Sente-se a podridão no ar, nojenta, exalando odores. A falta de ética transforma uma sociedade numa lixeira, num salve-se quem puder, em benefício de quem tiver artimanhas, e não arte. Vence o espertalhaço, não o inteligente. Vence o canastrão, não o artesão.
E essa podridão, insidiosa e mesquinha, que forma e deforma uma sociedade, vê-se até ao jogo de berlindes, até num campeonato distrital de futsal, nome pomposo para o futebol de salão, onde este fim-de-semana a aldrabice espetou uma “cabazada” à decência.
A história conta-se em breves palavras. Em igualdade pontual com o Vitória de Santarém, a equipa do Mação Futebol Clube partia com uma desvantagem de 33 golos para a última jornada. E como esperado, ambas as equipas venceram os respectivos jogos, mas enquanto o Vitória de Santarém superou o seu adversário por uns escassos 7-5, o Mação massacrou o seu adversário, Benavente, por 60-sessenta-60 golos sem resposta, o que significa um golo em cada 90 segundos. Resultado: o Mação Futebol Clube foi campeão.
Dois pormenores, relevantes. Primeiro, o Benavente jogou apenas com três jogadores – mínimo regulamentar – face aos cinco do Mação.

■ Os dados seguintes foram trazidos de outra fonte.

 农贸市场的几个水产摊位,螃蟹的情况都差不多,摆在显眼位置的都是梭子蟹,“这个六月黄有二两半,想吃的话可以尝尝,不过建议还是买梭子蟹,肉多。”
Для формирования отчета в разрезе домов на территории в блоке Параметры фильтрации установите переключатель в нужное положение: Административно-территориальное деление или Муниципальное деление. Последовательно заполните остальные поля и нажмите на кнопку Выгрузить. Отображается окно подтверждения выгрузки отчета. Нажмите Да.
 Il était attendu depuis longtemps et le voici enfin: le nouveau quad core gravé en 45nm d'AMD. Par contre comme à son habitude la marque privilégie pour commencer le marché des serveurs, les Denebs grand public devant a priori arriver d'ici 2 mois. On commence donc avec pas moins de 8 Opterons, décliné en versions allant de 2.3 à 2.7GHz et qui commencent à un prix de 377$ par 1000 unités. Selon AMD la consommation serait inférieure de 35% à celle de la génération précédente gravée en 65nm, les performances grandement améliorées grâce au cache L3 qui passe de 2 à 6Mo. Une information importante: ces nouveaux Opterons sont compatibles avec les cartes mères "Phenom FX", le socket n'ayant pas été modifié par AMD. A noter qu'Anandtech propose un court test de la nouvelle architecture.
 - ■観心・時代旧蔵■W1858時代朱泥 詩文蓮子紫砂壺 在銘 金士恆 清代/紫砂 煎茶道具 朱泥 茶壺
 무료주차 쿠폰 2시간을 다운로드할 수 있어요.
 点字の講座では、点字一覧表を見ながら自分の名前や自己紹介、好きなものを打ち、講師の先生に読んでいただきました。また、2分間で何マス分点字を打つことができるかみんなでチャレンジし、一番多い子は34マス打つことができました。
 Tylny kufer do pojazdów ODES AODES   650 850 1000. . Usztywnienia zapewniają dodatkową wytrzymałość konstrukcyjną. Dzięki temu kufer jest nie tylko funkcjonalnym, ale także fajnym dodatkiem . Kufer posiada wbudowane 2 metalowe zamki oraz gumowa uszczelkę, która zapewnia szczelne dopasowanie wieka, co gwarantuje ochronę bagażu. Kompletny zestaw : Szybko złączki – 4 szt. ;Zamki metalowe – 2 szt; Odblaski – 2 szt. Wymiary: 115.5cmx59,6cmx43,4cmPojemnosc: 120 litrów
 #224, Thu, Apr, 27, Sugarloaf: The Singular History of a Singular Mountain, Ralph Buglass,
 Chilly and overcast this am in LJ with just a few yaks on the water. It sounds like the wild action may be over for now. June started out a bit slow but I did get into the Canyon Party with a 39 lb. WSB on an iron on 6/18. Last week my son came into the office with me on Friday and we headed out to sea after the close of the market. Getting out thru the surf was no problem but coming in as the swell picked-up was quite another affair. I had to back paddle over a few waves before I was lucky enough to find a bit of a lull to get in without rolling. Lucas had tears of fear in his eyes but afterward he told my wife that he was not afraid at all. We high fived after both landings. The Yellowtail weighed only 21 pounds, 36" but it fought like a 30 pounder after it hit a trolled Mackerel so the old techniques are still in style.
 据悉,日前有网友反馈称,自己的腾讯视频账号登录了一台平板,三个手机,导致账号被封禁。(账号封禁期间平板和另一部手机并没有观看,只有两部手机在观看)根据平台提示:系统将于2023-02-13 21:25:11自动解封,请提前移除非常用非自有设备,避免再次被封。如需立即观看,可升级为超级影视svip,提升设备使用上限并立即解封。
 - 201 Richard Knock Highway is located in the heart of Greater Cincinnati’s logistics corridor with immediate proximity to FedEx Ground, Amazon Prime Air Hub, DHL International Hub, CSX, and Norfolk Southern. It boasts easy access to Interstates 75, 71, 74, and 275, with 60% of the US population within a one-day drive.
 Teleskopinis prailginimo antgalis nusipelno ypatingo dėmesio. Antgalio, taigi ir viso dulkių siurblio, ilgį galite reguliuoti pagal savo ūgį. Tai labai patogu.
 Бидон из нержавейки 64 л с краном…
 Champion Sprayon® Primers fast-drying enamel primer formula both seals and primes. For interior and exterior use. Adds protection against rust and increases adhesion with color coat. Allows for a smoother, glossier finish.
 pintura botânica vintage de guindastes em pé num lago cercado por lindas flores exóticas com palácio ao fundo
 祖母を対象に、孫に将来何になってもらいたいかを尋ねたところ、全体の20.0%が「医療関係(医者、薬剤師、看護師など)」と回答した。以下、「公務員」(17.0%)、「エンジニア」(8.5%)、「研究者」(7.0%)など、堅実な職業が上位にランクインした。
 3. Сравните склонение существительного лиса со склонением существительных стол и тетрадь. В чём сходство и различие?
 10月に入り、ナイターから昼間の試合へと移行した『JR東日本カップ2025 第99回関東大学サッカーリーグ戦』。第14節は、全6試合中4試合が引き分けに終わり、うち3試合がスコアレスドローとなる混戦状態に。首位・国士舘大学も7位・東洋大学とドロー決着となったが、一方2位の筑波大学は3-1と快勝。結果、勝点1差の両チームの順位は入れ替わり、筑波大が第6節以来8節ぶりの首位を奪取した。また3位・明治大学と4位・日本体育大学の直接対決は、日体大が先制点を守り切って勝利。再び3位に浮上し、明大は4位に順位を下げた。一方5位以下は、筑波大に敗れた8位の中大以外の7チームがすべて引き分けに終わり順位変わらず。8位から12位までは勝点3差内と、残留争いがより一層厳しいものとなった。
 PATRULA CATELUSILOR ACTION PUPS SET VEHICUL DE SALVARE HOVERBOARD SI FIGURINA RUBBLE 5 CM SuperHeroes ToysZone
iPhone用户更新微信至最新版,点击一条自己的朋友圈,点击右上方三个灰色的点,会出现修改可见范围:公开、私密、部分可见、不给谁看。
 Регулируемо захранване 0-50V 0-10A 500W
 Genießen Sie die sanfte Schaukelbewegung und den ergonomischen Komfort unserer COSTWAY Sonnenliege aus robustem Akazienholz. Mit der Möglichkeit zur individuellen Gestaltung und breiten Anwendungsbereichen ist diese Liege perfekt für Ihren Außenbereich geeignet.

Segundo, mesmo sabendo-se que o Mação não conseguira antes mais do que sete golos de vantagem numa partida, sendo assim mais do que remota a probabilidade de ultrapassar o Vitória de Santarém em caso de vitórias destas duas equipas –, houve quem se lembrou de estampar coloridas camisolas de campeão.
O Mação Futebol Clube – e em paralelo a equipa de Benavente (que nos 19 jogos anteriores sofrera 68 golos) – é a imagem trágica de um país. A imagem de um país sem ética, consolidando os seus objectivos em trapaças, custe o que custar; em esquemas, aqueles que a imaginação aprouver mesmo se fraca; em compadrios, mais que muitos; em manipulações, as que forem necessárias; em corrupção, se não financeira, pelo menos moral, para quem assim se seduzir sem escrúpulo.
Independentemente das provas, estamos perante uma pouca-vergonha, uma desavergonhice, que seria apenas risível se não fosse grave, por ser o espelho daquilo em que se transformou Portugal.
Hoje, sentimos – todos sentem, e os “responsáveis” pelo Mação Futebol Clube sentiram – que, mesmo com trafulhice, mesmo com manipulação, mesmo com aldrabice e mesmo com esquemas ínvios, vale a pena tentar, é justificável tentar, porque basta congeminar ser possível iludir a verdade para que se tente que a mentira se transmute na realidade, proveitosa para o seu autor, mesmo que tal seja profundamente injusto e prejudique quem não deveria.
Caricaturando a paráfrase de Fernando Pessoa, em Portugal, num país de aldrabões, a obra nasce, quando o homem sonha, mesmo se Deus não quer. E assim se ganha por 60 a 0, com a mesma decência da vitória do Mação Futebol Clube sobre o Benavente Futsal Clube.
E assim se sente a desonestidade na política, no Governo, na Administração Pública, nas escolas, nas forças armadas, nas forças de segurança, nas empresas públicas e nas empresas provadas, em muitas das nossas relações sociais. Em tudo, já.
Portugal pode continuar a gabar-se de ganhar sempre na recta final por 60-0, sermos os melhores de tudo e da Cantareira; pode sempre erguer-se a taça, que de ouro seja. Mas no seu âmago está lá dentro uma pestilência que não se aguenta.